Ivan Parente | Foto: Divulgacao
Ivan Parente | Foto: Divulgacao

“Eu odeio teatro!”, ironicamente foi com esta contraditória frase que ator, cantor e diretor paulista Ivan Parente viu sua carreira mudar apś protagonizar A Madrinha Embriagada (2013), um dos primeiros musicais da série de espetáculos do gênero apresentado pelo Teatro do Sesi, na Avenida Paulista.

Fazendo par com espetáculos como Lampião e Lancelote (2012), O Homem de La Mancha (2014) e As Cangaceiras, Guerreiras do Sertão (2019), títulos que promoveram a popularização do teatro musical na capital paulistana em paralelo a títulos como O Rei Leão (2013), Wicked (2016) e O Fantasma da Ópera (2018), apenas para citar alguns dos maiores blockbusters da capital nos últimos anos.

Entretanto foi com A Madrinha Embriagada, sob a direção de Miguel Falabella, que o Sesi conheceu a total e completa popularização do gênero, com filas intermináveis de quarta-feira a domingo formadas por possíveis sortudos que tentavam um lugar remanescente entre as 456 poltronas do teatro.

Na obra, uma adaptação de The Drowsy Chaperone (1998), uma personagem conhecida como O Homem da Poltrona faz do público confidente de sua relação dúbias de amor e ódio com o teatro enquanto revisita o espetáculo mais importante de sua infância através de um LP recheado a saudosismo.

Ivan Parente como O Homem da Poltrona em A Madrinha Embriagada | Foto: Caio Gallucci

“Foi minha retomada na carreira de musicais em São Paulo”, conta o ator que, antes, havia feito uma ponta na segunda montagem brasileira do clássico Hello, Dolly! (2012), protagonizado por Marília Pêra (1943 – 2015) após ter construído sólida carreira no teatro carioca como um dos principais componentes da companhia teatral do diretor e produtor argentino (radicado há 30 anos no Brasil) Billy Bond.

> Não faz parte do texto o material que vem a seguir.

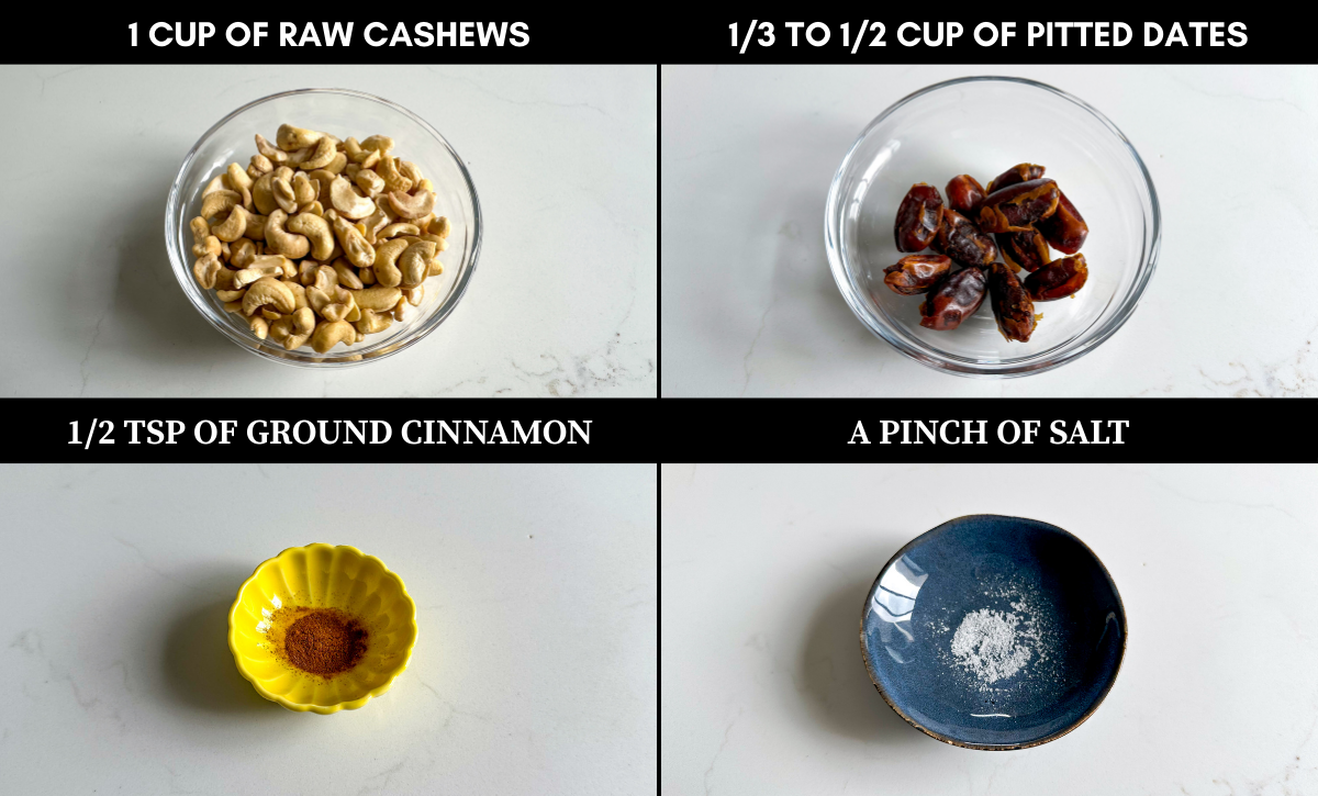 - 1 hour for soaking cashews and dates;
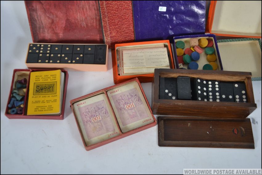 A good collection of vintage games to include Chad Valley dominos, , Who Goes Where, Lugo, Sorry, Pit, Dominos etc
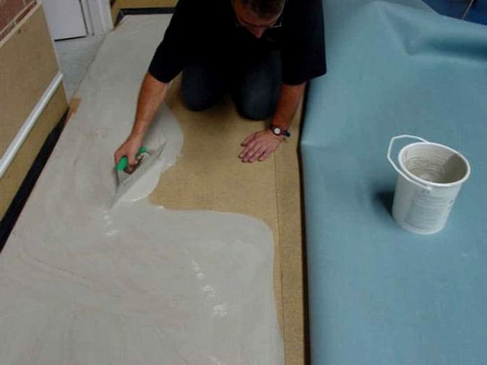 - เมื่อใช้การกระจายตัวและกาวที่มีปฏิกิริยาต้องเตรียมพื้นอย่างสม่ำเสมอ ข้อบกพร่องใด ๆ จะปรากฏบนพื้นหากไม่เกิดขึ้นทันทีหลังจากใช้งานไปสักครู่ เมื่อใช้น้ำมันดินมาสติกเป็นกาวอนุญาตให้มีข้อบกพร่องเล็กน้อยบนพื้นผิวของฐานซึ่งจะถูกปิดบังโดยการเติมความเสียหายด้วยองค์ประกอบ แต่ควรระลึกไว้เสมอว่าราคาของยางมะตอยสีเหลืองอ่อนนั้นสูงกว่ากาวกระจายทั่วไปมาก
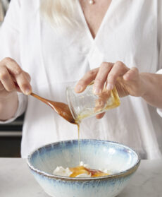 Nel frattempo, mettete la creme fraîche in una ciotola, unite il miele e mescolate bene. Una volta raffreddata servite la tarte accompagnata da una cucchiaiata di creme fraîche al miele.

“O Miguel [Falabella] ficava puto, porque ele queria que eu voltasse para São Paulo, queria que eu fizesse esse teatro musical, e ele foi muito importante no meu retorno”, diz o artista que se descobriu ator pelas mãos do diretor e multiartista carioca. “Ele foi ver a primeira montagem de Os Miseráveis (2001), e queria todo o elenco nas audições do musical que ele ia montar, o Godspell (2002). Foi pelas mãos do Miguel que eu descobri que não era apenas um cantor, mas também um ator que se comunicava com a plateia, conseguia fazer rir e chorar, foi uma experiência incrível”, relembra.

O Homem da Poltrona em A Madrinha Embriagada foi, então, apenas a confirmação da vocação de Ivan Parente como um dos melhores atores de sua geração que, indicado ao Prêmio Bibi Ferreira seguidas vezes, conquistou espaço e prestígio no meio, o que o levou a outras áreas do ofício de ator.

Após A Madrinha Embriagada, Parente emendou papéis marcantes em espetáculos como O Homem de La Mancha, Mulheres à Beira de um Ataque de Nervos (2016) e a consagração teatral na pele do trambiqueiro Thénardier na segunda versão de Os Miseráveis, em 2017, que lhe rendeu seu primeiro Bibi Ferreira como ator coadjuvante, numa performance que levou a crítica a raros elogios unânimes.

Ivan Parente como Thénardier em Les Misérables |Foto: Divulgação

“Fico sempre muito lisonjeado, porque é um trabalho de muito tempo. Desde 1996 eu não lembro de algum ano não ter estado em cartaz. Faz 23 anos que eu estou em cena, então esse reconhecimento é ótimo”, diz.

Sem jamais se considerar apenas um ator, Parente gosta de se ver como um artista com múltiplas possibilidades. Duas delas ganharam mais visibilidade nos últimos anos. A faceta dublador, por exemplo, o levou a personagens icônicas, como o mordomo francês transformado em candelabro, Lumiére, na live-action de A Bela e a Fera (2017), e o icônico suricato Timão, na versão live-action de O Rei Leão (2019).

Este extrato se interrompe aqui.